I went into a little glass lobby with a white marble floor and a lot of gold fixtures and took the elevator to the third floor. Harold Bellis had the front half of the building and it looked like he did very well. There was a lot of etched glass and glossy furniture and carpet about as deep as the North Atlantic. I waded up to a receptionist seated behind a semicircular granite desk and gave her my card. She was wearing one of those pencil-thin headphones so she could answer the phone and speak without having to lift anything. "Elvis Cole to see Mr. Bellis. I don't have an appointment."

She touched a button and spoke to someone, then listened and smiled at me. There was no humor in the smile, nor any friendliness. She said, "We're sorry, but Mr. Bellis's calendar is full. If you'd like an appointment, we can schedule a time next week."

I said, "Tell him it's about the Premier Pawn Company. Tell him I have a question about the Lester Corporation."

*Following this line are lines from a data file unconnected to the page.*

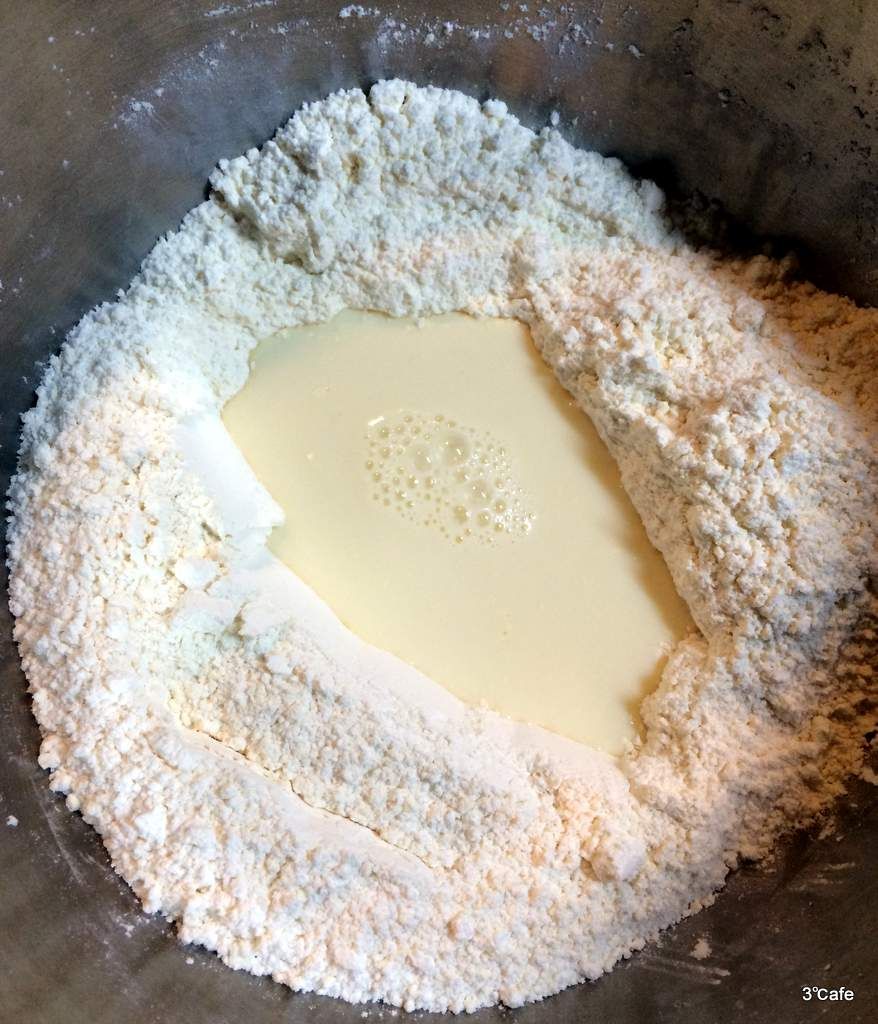 - 真ん中をくぼませて、中央に牛乳もしくは豆乳を加える。
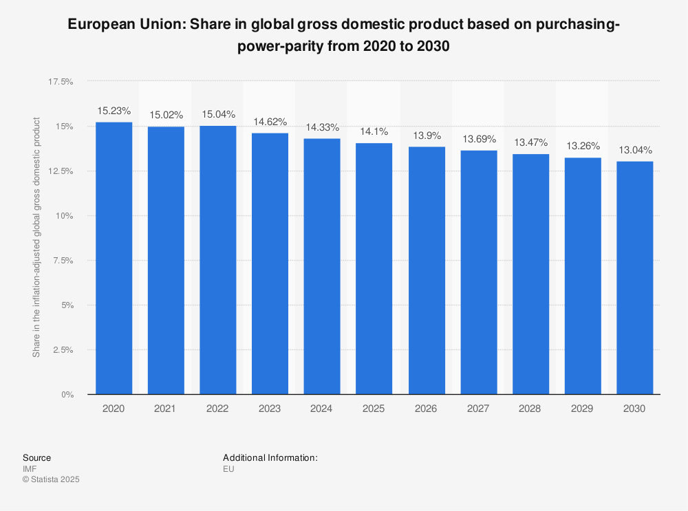 31.在整個2010年代,歐洲主要國家的經濟增長都非常疲弱,尤其是德國、法國、英國和義大利等「已開發」工業經濟體基本是停滯不前。對於歐盟及歐元區而言,直至2020年代末,前景仍被普遍預測為同樣的窘況。
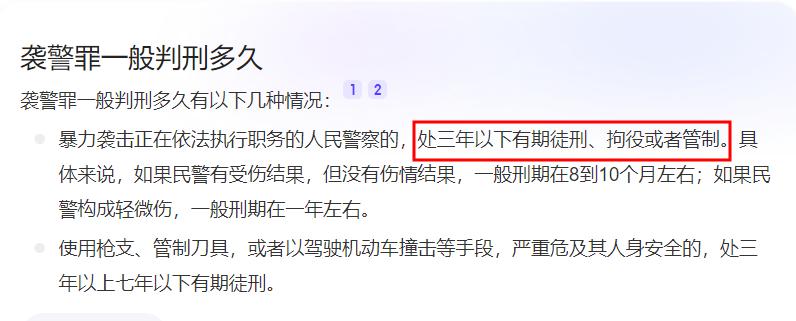 襲警則會判處三年以下有期徒刑、拘役或者管制。

She said it into the microphone, and a couple of minutes later a rapier-thin woman with prominent cheeks and severely white skin came out and led me through a long common office where secretaries and aides and other people sat in little cubicles, and then into her office, and then into his. Her office held a bank of designer file cabinets and fresh-cut tulips and the entrance to his office. You want to see him, you've got to get past her, and she wouldn't be easy to beat. She'd probably even like the fight.

Harold Bellis had the corner office and it was big. She said, 'This is Mr. Cole."

Harold Bellis stood up and came around his desk, smiling and offering his hand. He was short and soft with pudgy hands and a fleshy face and thinning gray hair that looked as soft as mouse fur. Sort of like the Beverly Hills version of Howdy Doody. "Thanks, Martha. Harold Bellis, Mr. Cole. Martha tells me you're interested in the Premier Pawn Shop. Would you like to buy it?" He sort of laughed when he said it, like it was an obvious joke and we both knew it. Ha ha.

"Not today, Mr. Bellis, thanks."

Martha looked down her nose at me and left.

Harold Bellis's handshake was limp and his voice was sort of squeaky, but maybe that was just confidence. An original David Hockney watercolor and two Jésus Leuus oils hung on the walls. You don't get the Hockney and the Leuus by being sissy in the clinches. "I'm working on something that brought me across the Premier and I learned that you're an officer in the company that owns it."

"That's correct." Bellis offered me a seat and took the chair across from me. The decor was Sante Fe, and the seating was padded benches. Bellis's chair looked comfortable, but the benches weren't. He said, "I have a meeting with a client now, but she's sorting through records in the conference room, so we can squeeze in a few minutes."

"Great."

"Does this involve Mr. Washington's death?"

"In part."

Bellis gave me sad and shook his head. "That young man's death was a tragedy. He had everything in the world going for himself."

"The police say he was fencing stolen goods. His family suspects that, too."